● **WORK INSTRUCTIONS**: Restate word for word the lines below that run from the one holding "Etikett. Wasa Bryggeriet." through the one holding "Retrouvez tous nos", inclusive. Pictures don't belong in the copy.

● **GIVEN DATA**:
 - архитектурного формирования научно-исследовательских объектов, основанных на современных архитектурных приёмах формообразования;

* * *

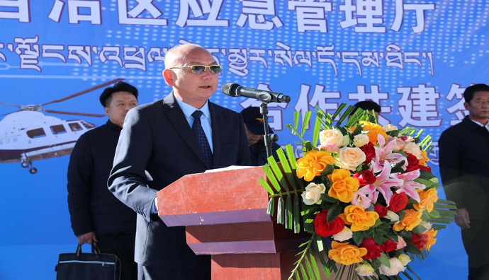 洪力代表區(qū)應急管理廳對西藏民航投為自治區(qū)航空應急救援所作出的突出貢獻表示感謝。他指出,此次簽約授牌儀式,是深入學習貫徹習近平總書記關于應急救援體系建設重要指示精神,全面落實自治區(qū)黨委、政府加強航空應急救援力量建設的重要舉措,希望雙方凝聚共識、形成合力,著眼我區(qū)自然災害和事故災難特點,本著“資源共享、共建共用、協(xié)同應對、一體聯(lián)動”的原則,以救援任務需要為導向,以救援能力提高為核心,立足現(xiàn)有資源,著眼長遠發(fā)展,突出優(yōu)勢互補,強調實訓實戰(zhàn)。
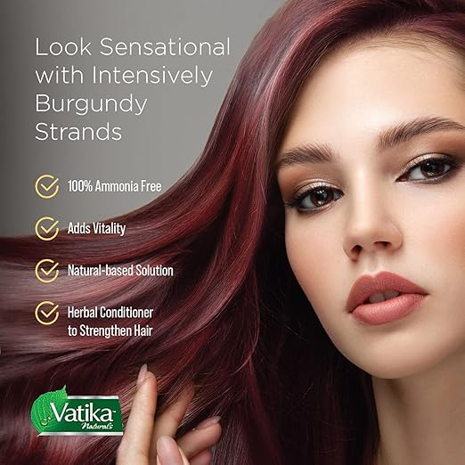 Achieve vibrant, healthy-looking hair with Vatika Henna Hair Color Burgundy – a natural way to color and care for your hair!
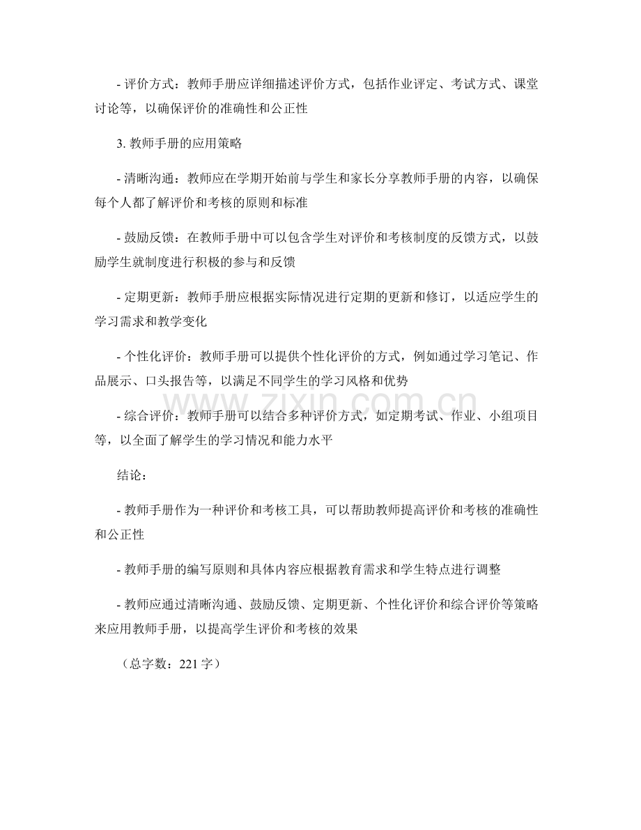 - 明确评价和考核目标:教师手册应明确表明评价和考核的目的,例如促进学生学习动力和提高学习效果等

--

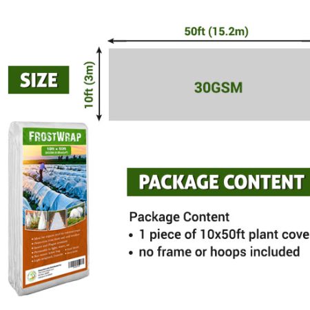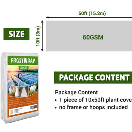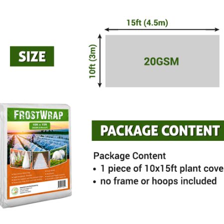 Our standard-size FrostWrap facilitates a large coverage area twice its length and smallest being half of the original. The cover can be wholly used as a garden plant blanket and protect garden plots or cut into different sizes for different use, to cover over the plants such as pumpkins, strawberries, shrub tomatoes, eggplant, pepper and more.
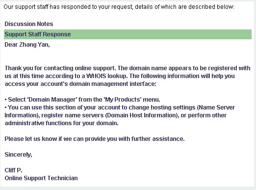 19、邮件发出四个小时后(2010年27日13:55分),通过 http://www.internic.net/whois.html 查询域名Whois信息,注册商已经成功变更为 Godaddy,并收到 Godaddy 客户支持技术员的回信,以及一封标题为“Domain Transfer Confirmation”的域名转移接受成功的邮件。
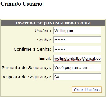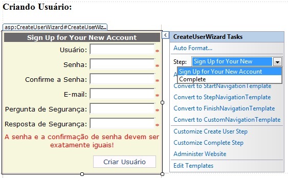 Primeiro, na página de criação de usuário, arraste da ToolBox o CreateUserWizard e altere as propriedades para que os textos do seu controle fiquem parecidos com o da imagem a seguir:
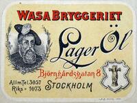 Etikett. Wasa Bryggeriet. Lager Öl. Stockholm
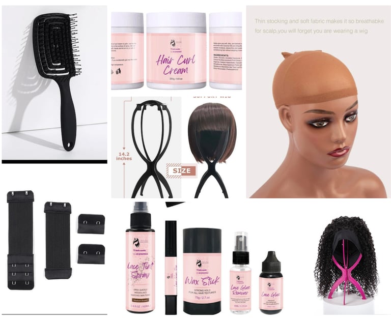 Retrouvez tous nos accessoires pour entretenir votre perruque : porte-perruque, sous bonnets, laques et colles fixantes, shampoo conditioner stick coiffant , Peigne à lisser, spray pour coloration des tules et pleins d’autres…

● **ANSWER**:
 Etikett. Wasa Bryggeriet. Lager Öl. Stockholm
 Retrouvez tous nos accessoires pour entretenir votre perruque : porte-perruque, sous bonnets, laques et colles fixantes, shampoo conditioner stick coiffant , Peigne à lisser, spray pour coloration des tules et pleins d’autres…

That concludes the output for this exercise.